#### WHAT THE TASK ASKS
Pictures excluded, retype the lines from the one containing "(訂貨約20天) #61155 韓國棉料拼勾花Top (胸46吋 腳44吋 長23吋)" through the last line of the data below, both included.

#### DATASET EXTRACT
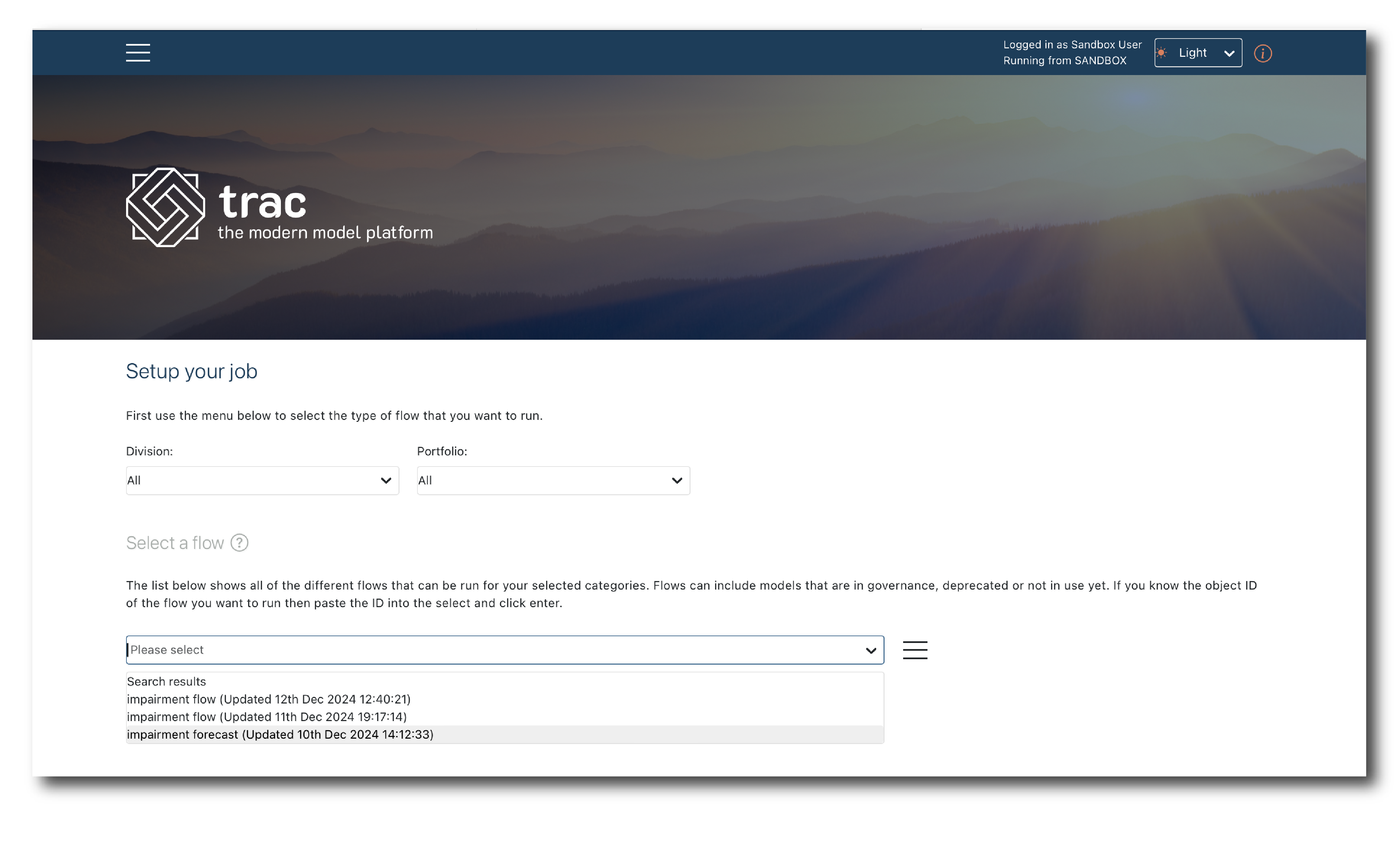 If TRAC couldn’t find a Data object which meets the Flow’s requirements you see an error message. If multiple options are found the most recent is selected, but you select an alternate via the drop-down.
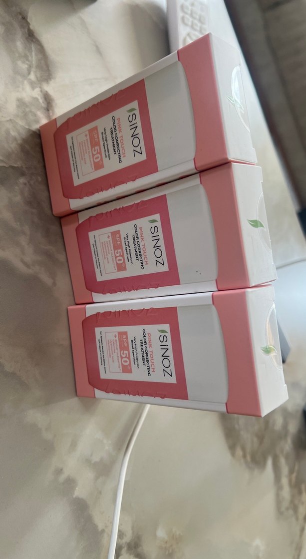 Sinoz SPF 50 güneş koruyucu krem, cildi güneşin zararlı etkilerinden korur ve yaşlanmayı önlemeye yardımcı olur. Üçlü kutu seti olarak sunulur. ☀️
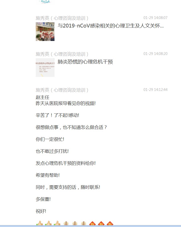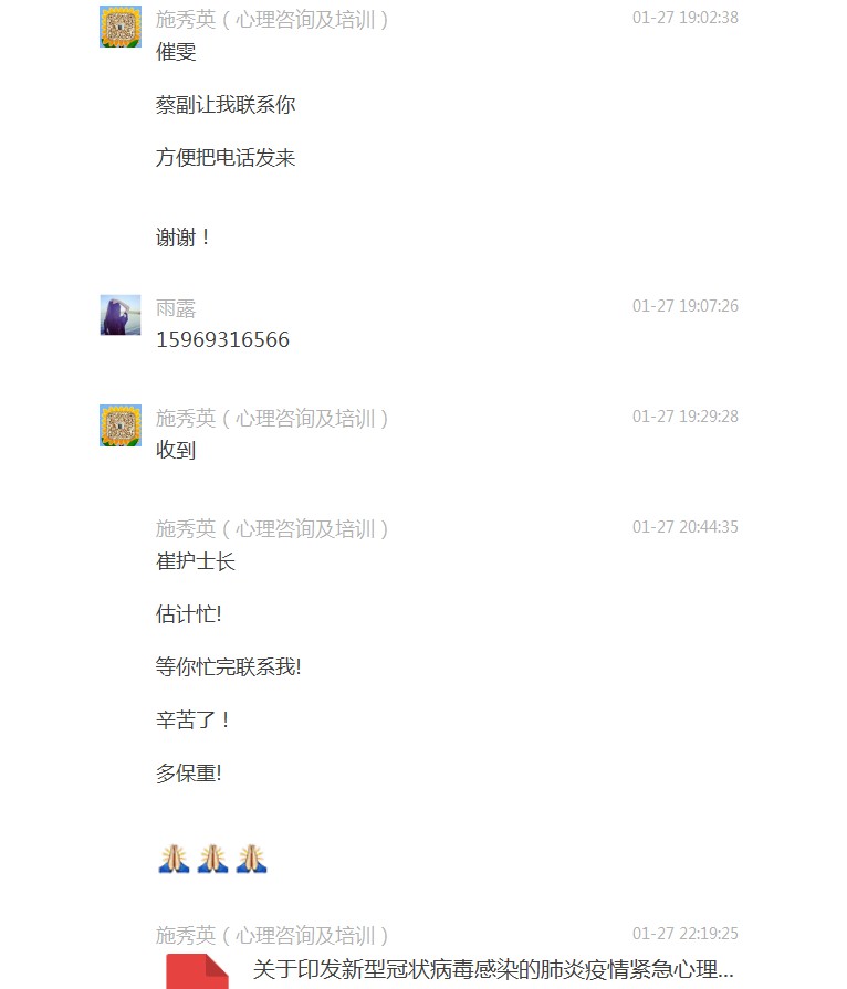 曾勇院长和杨玲副书记及时连线隔离病区医护人员,了解她们的状况给予慰问和安抚;护理部李长琼主任在微信群里经常对医护人员问候呵护,对他们存在的困难给予及时解决;临床心理科护士长施秀英经常连线隔离病区医护人员,了解她们及患者的心理状况,及时发布一些面对疫情的恐惧如何进行心理干预和调试方面的科普文章以及舒缓压力的音乐等给隔离区医护人员,并表示如果出现心理方面大的疾病,将及时进行评估和治疗;护士伏星是心理护理小组的成员,针对第一例确诊患者焦虑和自责的心理问题及时给予疏导,目前该患者心理情绪控制很好;隔离病区的医护人员焦虑和恐慌的心理问题也得到极大缓解。
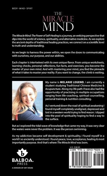 The Miracle Mind: The Power of Self-Healing is a journey, an enticing perspective that dips into the world of science, spirituality, and alternative medicine. As we explore the ancient depths of traditional healing practices, we connect on a scientific level to truth and understanding. As we begin to harness the power within, we open the doors to communicating with ourselves, our purpose, and our abilities. Each chapter is intertwined with its own unique flavor. From unique worksheets, learning checks, personal reflections, fun facts, and exercises, you become the master of your own mind. And with mastering your mind, you find the pinnacle of what it takes to master your reality. If you want to change, the climb is waiting.
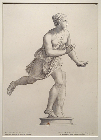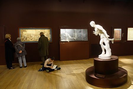 Dans une relative pénombre et l’éclairage discret des œuvres en cimaise, on se retrouve dans un lieu où Baudelaire aurait ressenti le luxe des cuivres aciérés en brillance de réflexion, le calme dû aux visiteurs, inquisiteurs silencieux des tailles, et volupté de vivre des instants rares, de par la qualité de ce qui est présenté, de la beauté de gravure. Dans la première salle, une jeune fille, assise à même le sol, croque un superbe marbre antique du IIe siècle, intitulé « Atalante Mazarin », que Claude Mellan a transcrit au burin en 1671, sous le titre « Statue en marbre d’une jeune chasseresse ».
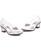 Step out in style with these White Babydoll Heels Womens Shoes. The shoes are made of a shiny white faux leather and feature a stiletto style 10cm/4in heel, an attached white strap along the top which has a small bit of elastic under the button. Additionally, within the sole of the shoe is a concealed platform for extra height - perfect for any costume or even a night out on the town!
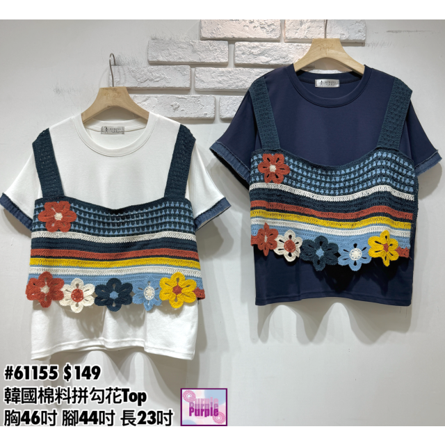 (訂貨約20天) #61155 韓國棉料拼勾花Top (胸46吋 腳44吋 長23吋)
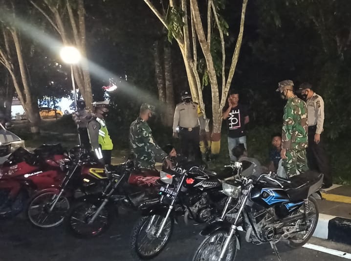 Operasi Yustisi Selama PPKM, Aparat Gabungan Dari Koramil 03/Siak Dan Polsek Siak Keliling Taman Setiap Malam
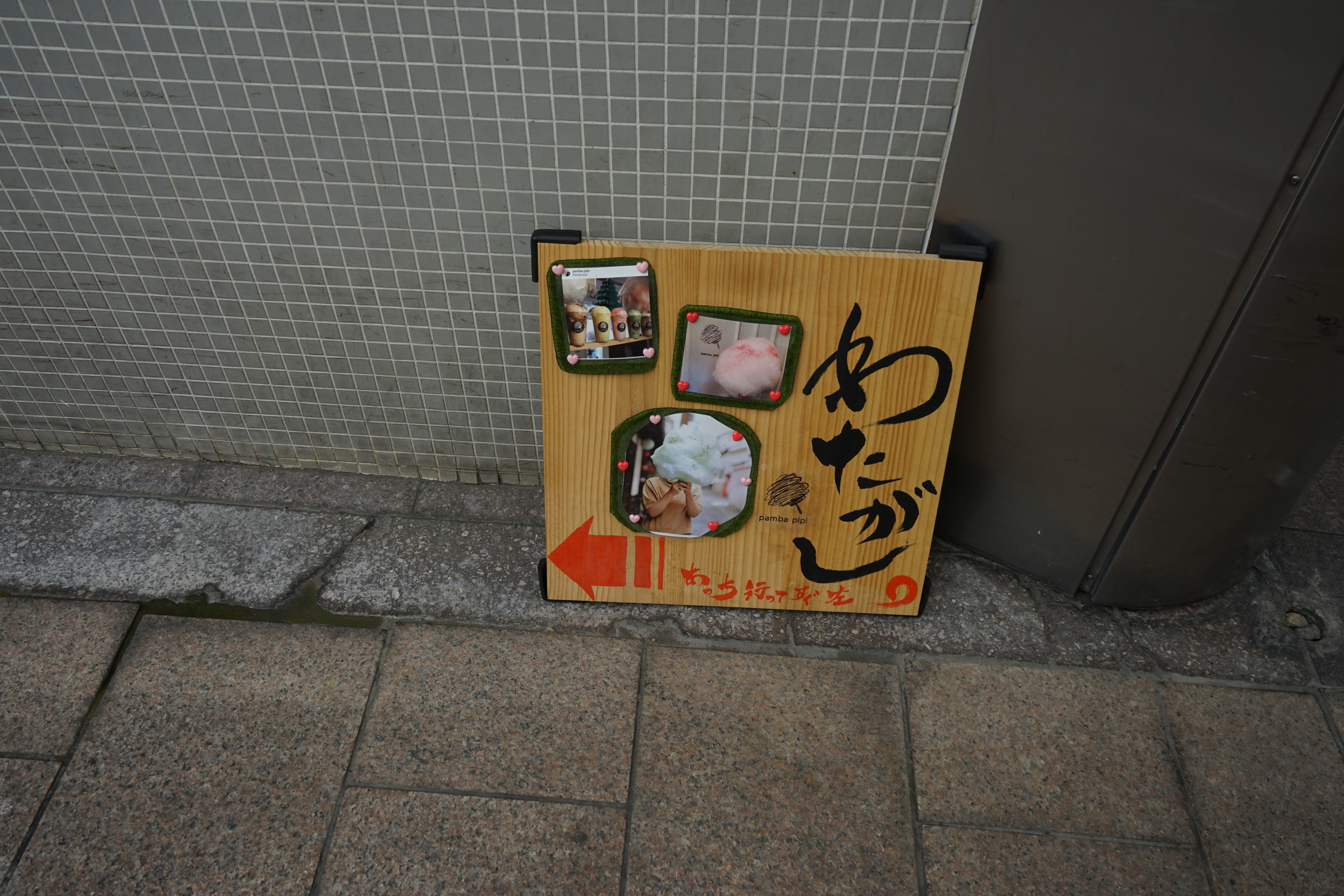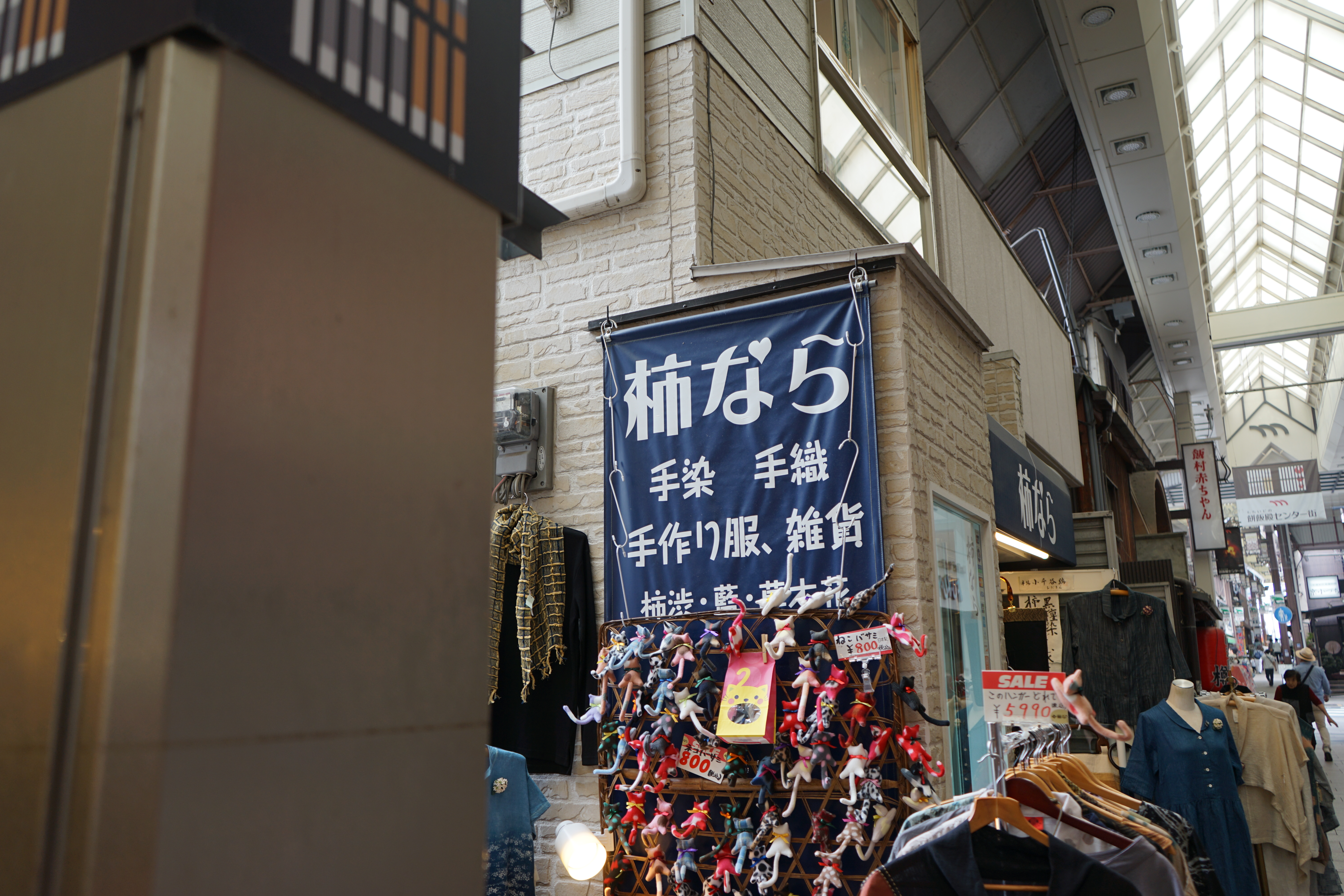 たびじたくさんはもちいどの商店街から路地に入ったところにあるのですが、この「柿なら」さんが目印です。この看板が見えたら左折です。
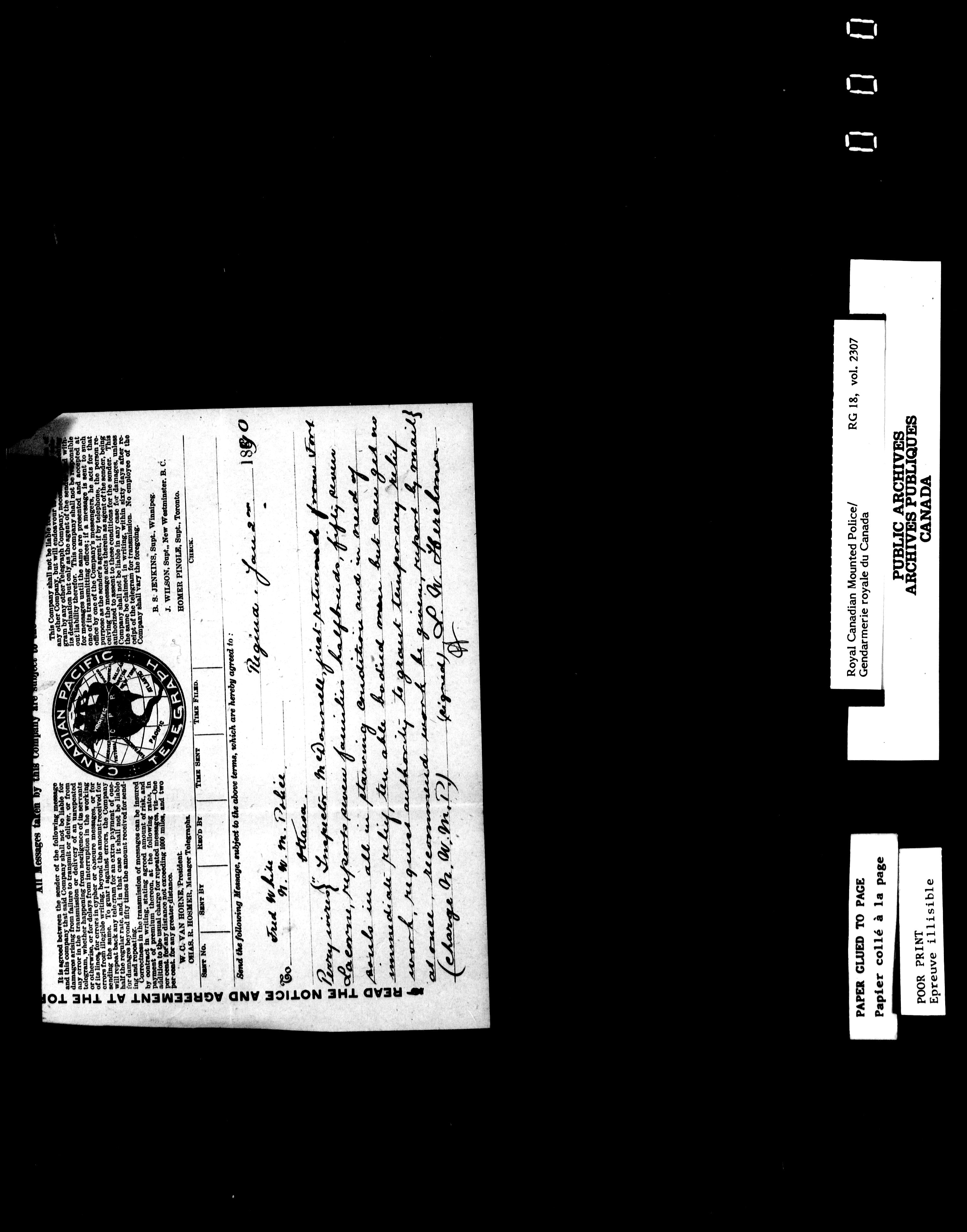 Northwest Mounted Police : Telegrams of the Commissioner's Office, 1882-1919 - 6967

#### ANSWER TO THE PROBLEM
 (訂貨約20天) #61155 韓國棉料拼勾花Top (胸46吋 腳44吋 長23吋)
 Operasi Yustisi Selama PPKM, Aparat Gabungan Dari Koramil 03/Siak Dan Polsek Siak Keliling Taman Setiap Malam
 たびじたくさんはもちいどの商店街から路地に入ったところにあるのですが、この「柿なら」さんが目印です。この看板が見えたら左折です。
 Northwest Mounted Police : Telegrams of the Commissioner's Office, 1882-1919 - 6967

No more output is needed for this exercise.